Like all gases, oxygen permeates plastic films at a rate dependant on its solubility into the polymer and its mobility within the film. These factors, in turn, depend on the polarity, density, and crystallinity of the polymer and on the external temperature and humidity. Low-density polyethylene is a popular polymer for BFS technology and has low crystallinity, which, along with the absence of polar groups, increases oxygen permeation. Polymers with a large number of polar groups such as –OH, CN, and –Cl have the lowest oxygen permeability. Ethylene vinyl alcohol resin is a purely synthetic polymer with numerous hydroxy functionalities. Consequently, it has good barrier properties. It is manufactured commercially inserted between two layers of cheaper and more hydrophobic plastics such as polypropylene because of its moisture-sensitivity (18). Coextrusion BFS machines have been developed to produce multilayer packages that include a barrier layer to protect oxygen-sensitive products (19). Polyethylene terephthalate is an alternative to polyethylene and polypropylene polymer for packaging products other than parenterals. The advantages of polyethylene terephthalate are its glass-like clear appearance and its superior barrier properties. Secondary packaging also has gained widespread acceptance, and an increasing number of BFS products are being sold in secondary aluminum-foil pouches sealed under a nitrogen blanket (19). Secondary packaging such as aluminum pouches also provides a barrier to light, thus protecting photodegradable formulations.

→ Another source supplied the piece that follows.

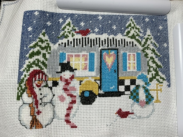 Sorry. For some reason, I didn’t take a overview photo of this project this week. I think I intended on coming back to it before I posted to you. This footer for Winter is 4 “squares” across. I am almost half done with it. The goal is to finish it in January (LOL!). I am still plugging away. I am looking foward to finishing this gorgeous project. I looked at her other seasons. I am not sure if I want to do them. I have other things I want to do more.

Loss of volatile components. Volatile excipients such as alcohol tend to evaporate from BFS packs because of the higher permeability of plastics, compared with that of glass. This process is accelerated during terminal sterilization using superheated water. Another unique phenomenon observed in BFS packs is the loss of water from the containers, especially in high-temperature, low-humidity conditions. Water loss could decrease the content volume and subsequently increase the concentration of actives. Similarly, volatilization of low boiling-point preservatives such as chlorobutanol and benzyl alcohol in plastic containers can reduce preservative effectiveness. This loss can be prevented by using preservatives with high boiling points. The loss of volatile components also can be prevented by using packaging strategies mentioned in the previous section.

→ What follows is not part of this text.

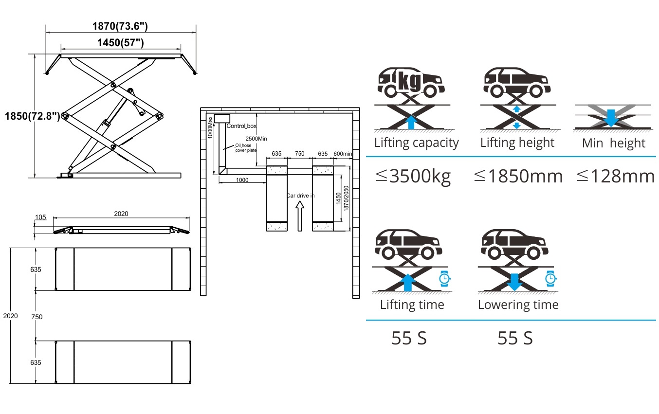 • Высота подхвата 110 мм – может поднимать авто с «низкой» посадкой.

Sorption. Lipophilic actives such as diazepam and nitroglycerine, oils, and preservatives adsorb on plastics (20). The mechanism proposed for such a loss is partitioning, followed by diffusion (of lipophilic solute) into the matrix (21). The correlation of formulation components' sorption potential and octanol–water partition coefficients can form the basis of a formulation strategy to alleviate this problem (22). Partitioning also is affected by the pH of preservatives (23). A quality-control approach involves quantifying the initial level of preservative content, quantifying the reduced level after the end of the shelf life, and performing a preservative efficacy test.

An increasingly popular packaging option involves using single-dose packs to eliminate the need for preservatives. Another strategy for multidose containers of ophthalmic products uses containers with nozzles incorporating 0.22-μm filters, thus also avoiding the need for preservatives (24).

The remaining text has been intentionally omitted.